In The Words of Jesus: A Gospel of the Sayings of Our Lord (Jossey-Bass, Feb.; reviewed in PW Dec. 3), author Phyllis Tickle strips Jesus of the context and the narrative surrounding his words, leaving only the "red-letter" text of the New Testament. The result, which Tickle calls "a sayings gospel," reveals startling things about this figure many people—including the author—thought they knew.

RBL: What do you gain by separating the words of Jesus from the rest of the Gospels?

Tickle: When you take away the narrative and the contextual pacing, you get power—rata-tat-tat. It is almost like being in front of a machine gun. The more subtle thing is that the reader has always had an intellectual overlay to the Gospels. You say, "I am reading Luke, so I am reading the gentile take on what Jesus said." But when you remove the author and the narrative, you realize the core is exposed much more cleanly.

RBL: What do you lose?

Tickle: We took the manuscript to a focus group at the Episcopal cathedral in Memphis and they had this period of anger and skepticism.
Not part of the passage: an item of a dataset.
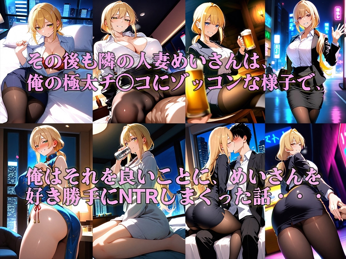 ・人妻、NTR、寝取られ、不倫、隣人、背徳感、金髪、着衣、巨乳、マン毛
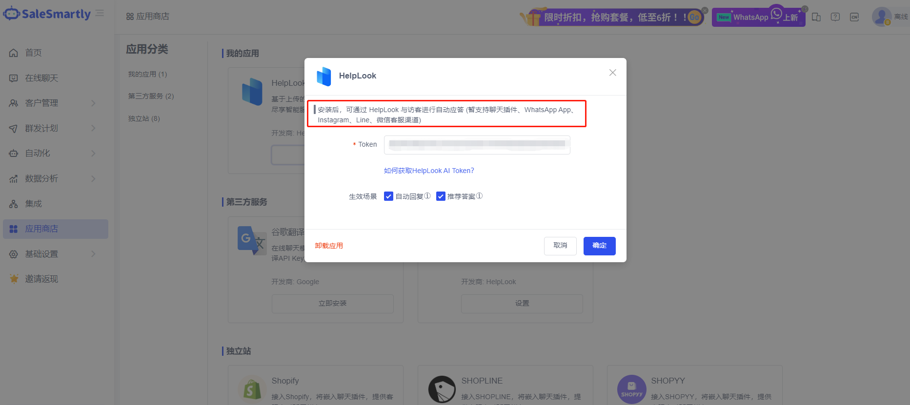 Tình huống sử dụng: Bạn có thể sử dụng khả năng trả lời thông minh HelpLook (ChatGPT3.5) để kích hoạt tư vấn tự phục vụ cho khách truy cập trong chat plugin, WhatsApp App, Instagram, Line, WeChat dịch vụ khách hàng và các kênh khác.

Some of them admitted they didn't like him very much because he ceases to be the caring shepherd and he becomes something very dramatic. You lose the guru. And you lose any sense of the sweet child, holy, meek and mild. You lose the stereotypes. This man is God incarnate. It is as if Sinai is moving among us, speaking its own Torah with no Moses. It is Sinai on legs.

RBL: What did this process teach you about Jesus?

Tickle: I came to hear him first instead of visualizing him. One of the preconceptions we bring as Roman or Protestant Christians is that we visualize the divinity. Now there is no picture because the voice is so overwhelming that it shatters all the pictures. It also showed me his personality—that he is stark and, well, godly. He is not some wandering carpenter who went for a new job. What you've got is what probably made the children of Israel cringe.

RBL: How do you hope readers will use this book?

Tickle: I hope they will read it with some sense of amazement—and very slowly. It overwhelms you. You can be stripped naked of all the preconceptions and the conditions that you have come to the scriptures dressed in or anaesthetized in and meet here, stark naked, who and what your God is.